Member of the Parliament
- In office 1948–1958

Personal details
- Born: 3 April 1906 Milan, Kingdom of Italy
- Died: 30 May 1993 (aged 87) Milan, Italy
- Party: Italian Communist Party
- Spouse: Gianni Todaro
- Children: 1
- Occupation: Politician

= Gisella Floreanini =

Italian teacher and politician (1906–1993)

Gisella Floreanini (3 April 1906 – 30 May 1993) was an Italian teacher and politician who was an anti-fascist activist and was a member of the Italian Parliament between 1948 and 1958.

==Early life and education==
Floreanini was born in Milan on 3 April 1906. She graduated from a conservatory and worked as a teacher during which she became familiar with the anti-Fascist movement.

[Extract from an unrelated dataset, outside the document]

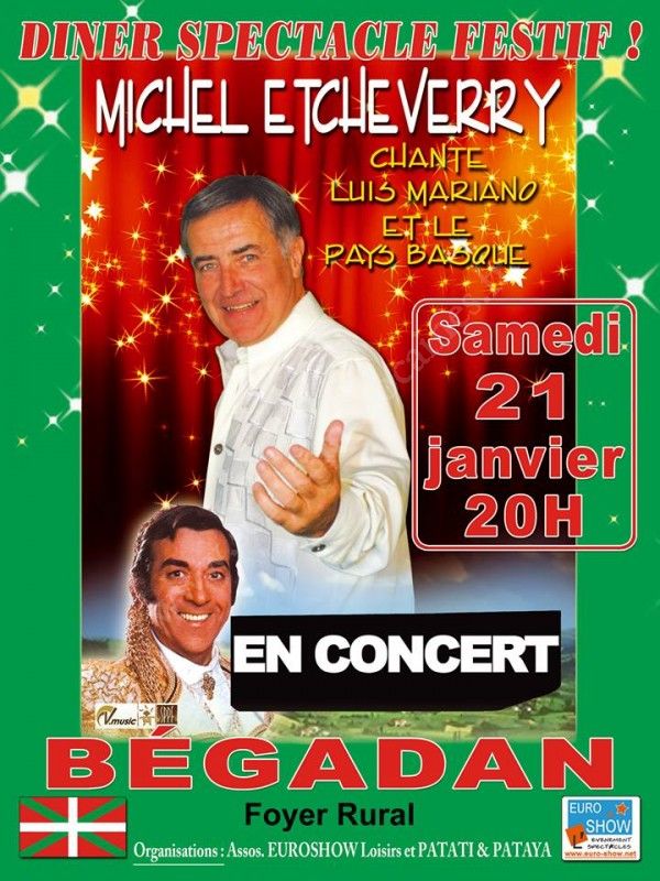 DINER SPECTACLE FESTIF avec Michel ETCHEVERRY "La voix d'or du Pays Basque" qui chante Luis Mariano et le Pays Basque.

==Anti-fascist activities and exile==
Following the murder of Giacomo Matteotti in June 1924 Floreanini exiled into Lugano, Switzerland, where she collaborated with other anti-fascist figures. She briefly returned to Italy in 1929, but left the country again for Lugano. In 1942 she joined the Italian Communist Party. In late 1943 she settled in Italy where she continued her struggle against the Fascists. She was arrested by the Swiss police while carrying the documents for anti-fascists groups. She was imprisoned for four months. Following her release from prison she joined the partisans in Val d'Ossola and held a cabinet post in the Partisan Republic of Ossola between September and October 1944. She was responsible for the women defense groups.

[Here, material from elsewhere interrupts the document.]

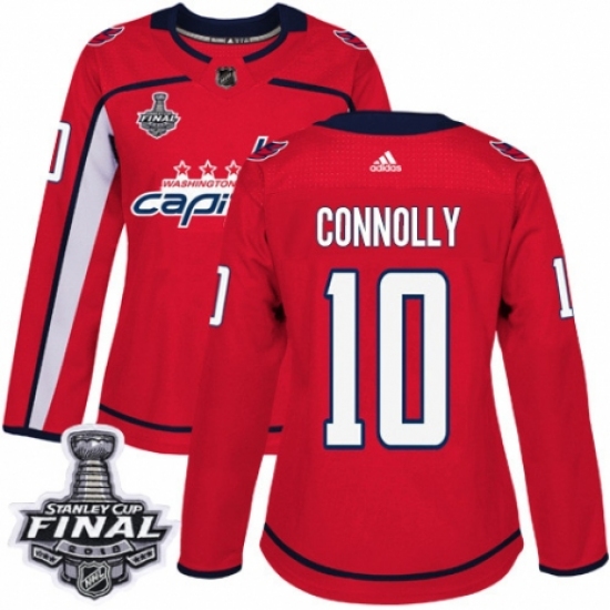 >Women's Adidas Washington Capitals #10 Brett Connolly Authentic Red Home 2018 Stanley Cup Final NHL Jersey

Floreanini was among the contributors of the communist magazine Rinascita which was started in 1944.

==Political career==
Floreanini was named a member of the National Council in 1946. She was elected to the Parliament for the constituency of Novara-Turin-Vercelli for the Communist Party in the general elections in 1948 and in 1953. She did not run for a seat in the 1958 election. She was a member of the Federation of the Italian Communist Party in Novara and a municipal councilor both in Novara and in Domodossola. From 1963 to 1968 she was also a city councilor in Milan.

Between 1959 and 1963 Floreanini was a member of the secretariat of the International Women Federation in Berlin and in 1965 she became director of the Union of Italian Women and National Association of Italian Partisans.

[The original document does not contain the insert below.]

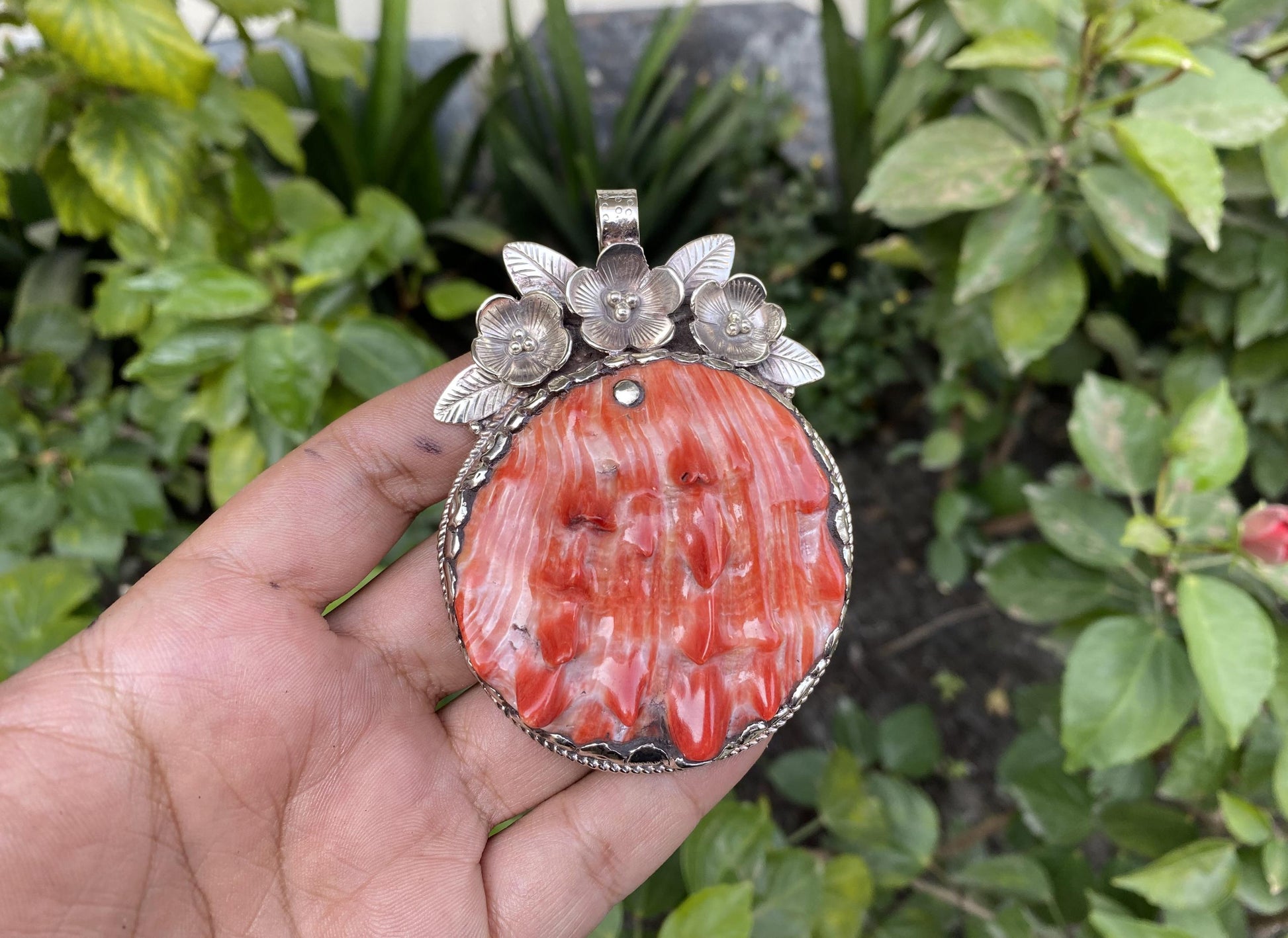 This vibrant pendant features a striking Spiny Orange Oyster Shell set in Tibetan silver, handcrafted in Nepal. Inspired by the desert sea, it showcases rich ocean colors with a rustic, Bohemian charm. A unique and thoughtful gift for nature lovers and fans of one-of-a-kind jewelry.

==Personal life and death==
Floreanini married Gianni Todaro with whom she had a daughter. She returned from exile in 1929, and during this period her husband died. Her second husband, Vittorio Della Porta, was a physician who left her when she was in prison in 1944. They later divorced in Switzerland, but it was not recognized in Italy. Due to this Floreanini experienced problems in being a candidate for the National Council.

Floreanini died of cardiac arrest in Milan on 30 May 1993.